Millennium Post


The stages of recovery after the loss of a loved one typically involve allowing yourself to experience the pain, which gradually gives way to accepting reality


I met my cousin at a family wedding after 11 years. I feel hugely attracted to her and want to take it forward. Is it really wrong?

Name withheld, New Delhi

I don't think it's wrong, but you need to consider the implications. I think you need to think about the results of what this relationship would create; is it just going to be one-off, or will this be ongoing for the rest of your lives? It sounds like there are some real feelings there, so, are you going to hide it? Are you going to hide this relationship and it's familial nature from your other relatives and friends? It's not about right or wrong, this isn't a moral issue, it's about helping and harming. What's going to help this situation and be the best for everyone involved? Just think about this and make your own decisions based on consideration of all involved, directly or indirectly.
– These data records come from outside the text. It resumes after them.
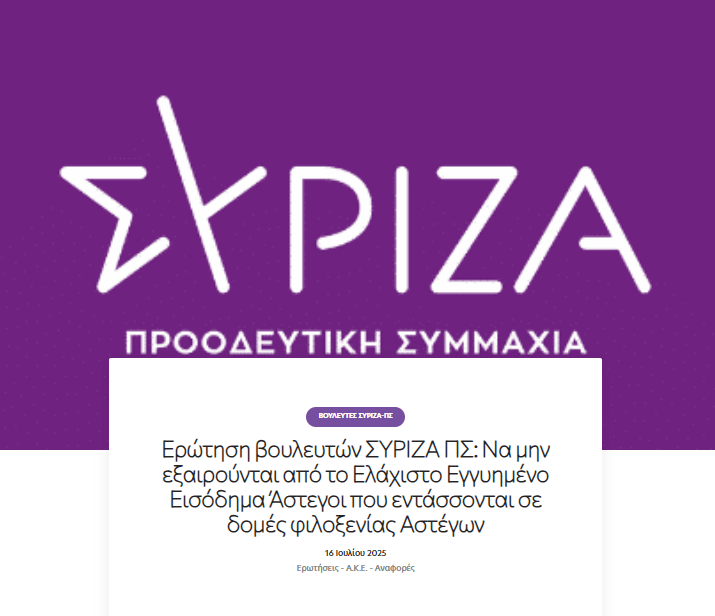 Ερώτηση προς την Υπουργό Κοινωνικής Συνοχής και Οικογένειας με θέμα : «Να μην εξαιρούνται από το Ελάχιστο Εγγυημένο Εισόδημα Άστεγοι που εντάσσονται σε δομές φιλοξενίας Αστέγων» κατέθεσαν βουλευτές του ΣΥΡΙΖΑ-Π.Σ., μεταξύ των οποίων και η βουλευτής Άρτας Όλγα Γεροβασίλη.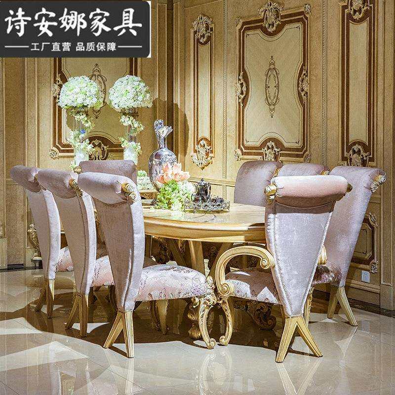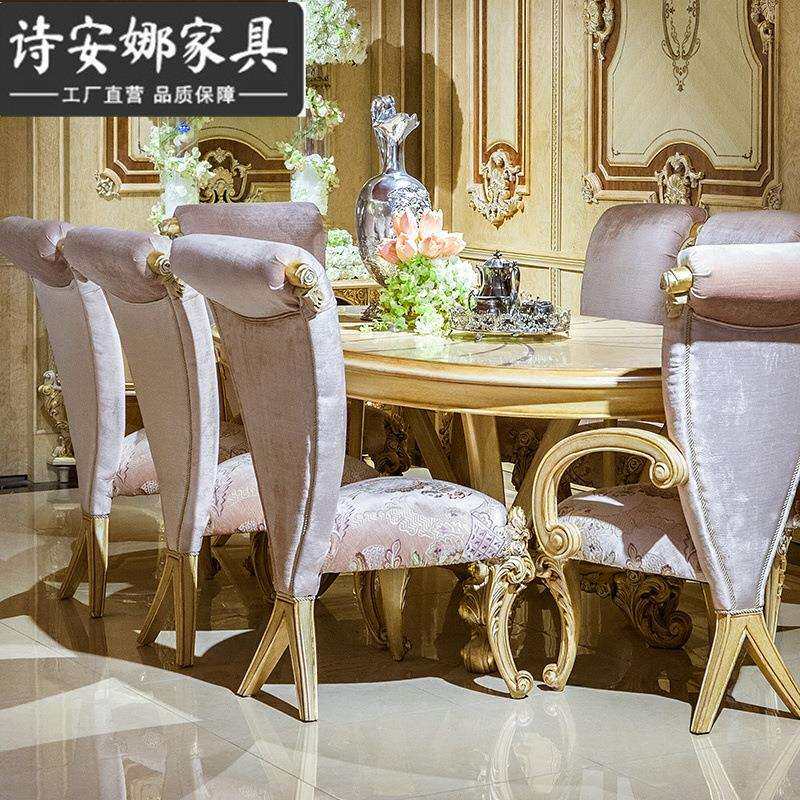 欧式餐厅家具实木纯手工雕花奢华别墅椭圆形餐桌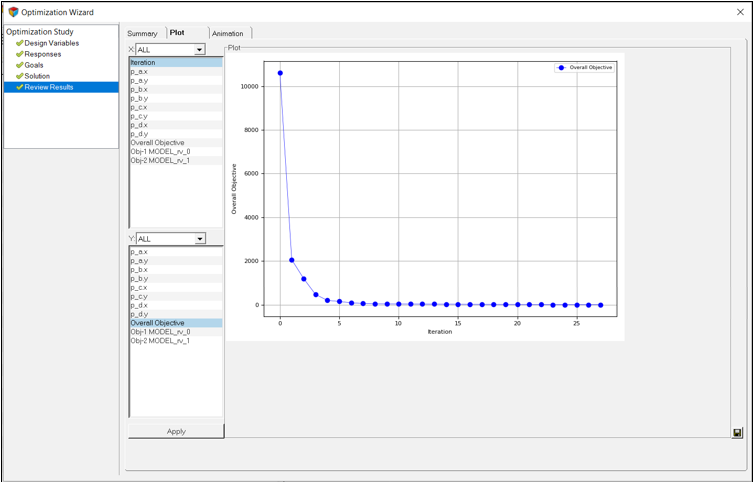 In this step, you will use a powerful feature in MotionSolve to obtain the optimal design by recovering from a failed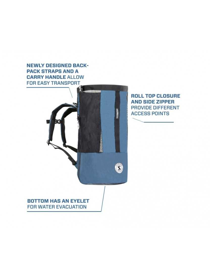 El bolso de mano perfecto para equipo de snorkel o buceo tropical. La forma cilíndrica del nuevo Sport Mesh 65 y la combinación de malla y tela azul denim lo convierten en un bolso ligero y resistente con gran capacidad.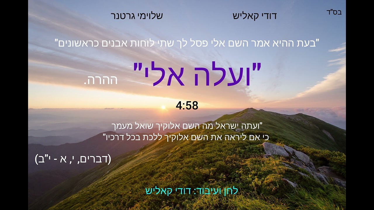 דודי קאליש ושלוימי גרטנר בָּעֵת הַהִוא אָמַר יְהוָה אֵלַי פְּסָל לְךָ שְׁנֵי לוּחֹת אֲבָנִים כָּרִאשֹׁנִים וַעֲלֵה אֵלַי הָהָרָה... וְעַתָּה יִשְׂרָאֵל מָה יְהוָה אֱלֹהֶיךָ שֹׁאֵל מֵעִמָּךְ כִּי אִם לְיִרְאָה אֶת יְהוָה אֱלֹהֶיךָ לָלֶכֶת בְּכָל דְּרָכָיו... 2013 - תשע"ג #דודי_קאליש #Dudi_kalish #שלוימי גרטנר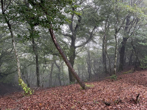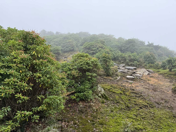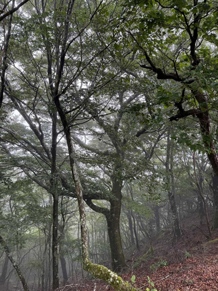 そこからは多少のアップダウンを繰り返して山頂に到着となりました。あいにく、山頂はガスとなっていて脊梁山脈の展望はかないませんでした。

I lost my mother in 2016. I can't bear it. When do you think I can overcome this? Please help me get back to a normal life.

Madhuri Bhagat, Noida

Everyone processes loss in their own way and by their own individual timeline, it can be difficult to recognise when and if feelings of loss have developed into complicated grief. Also known as persistent complex bereavement disorder, this form of grief is usually marked by emotions so severe, painful and long-lasting that a person cannot seem to accept the loss and move forward to resume life, even many months or years afterward. The stages of recovery after the loss of a loved one typically involve allowing yourself to experience the pain of your loss, which gradually gives way to accepting the reality of it and finding a way to move forward. The healing process also involves finding it possible, in time, to enjoy other relationships. If you continue to experience a heightened focus on reminders of your loved one that triggers intense pain, grief counseling can be helpful. Please try to be stronger and you will be able to move ahead.

I'm 24 and my boyfriend is 21. We have been dating since 5 months. He loves me but is poor when we try to make love. I really don't know what to do. Please help.

S.S, Kolkata

Everyone has their own preferences when it comes to loving. It could just be that your new man has learned a different technique that isn't your cup of tea. If this is the case and you can retrain him using the techniques you desire, then you're well on your way to blissful, passionate happiness. Count your lucky stars that your partner has the presence of mind and desire to listen and make sure you are satisfied. If he still can't get it together after you've tried everything, he's probably never going to be good enough. It's decision-making time for you. Only you can decide if all of his other qualities are worth keeping him for, or if it's time to let go.

I had a breakup with my lover a few weeks ago. I feel I have moved on but often I feel angry and bitter. I need to cut off and move on. Need your guidance.

Megha Singh, New Delhi

If you had truly moved on, you wouldn't be thinking about him at all, let alone still getting angry about things he did. It takes time to get over anger, but if you're conscious of how much time and energy you're wasting still being mad at him, that would be the first step to cutting it off. Every time a negative thought enters your head, make the choice to distract yourself and not dwell on it. If you haven't gone through this process yet, you need to start it now. There is no point holding on to a wave. You must love yourself a bit more to realise your worth and move on with your head held high.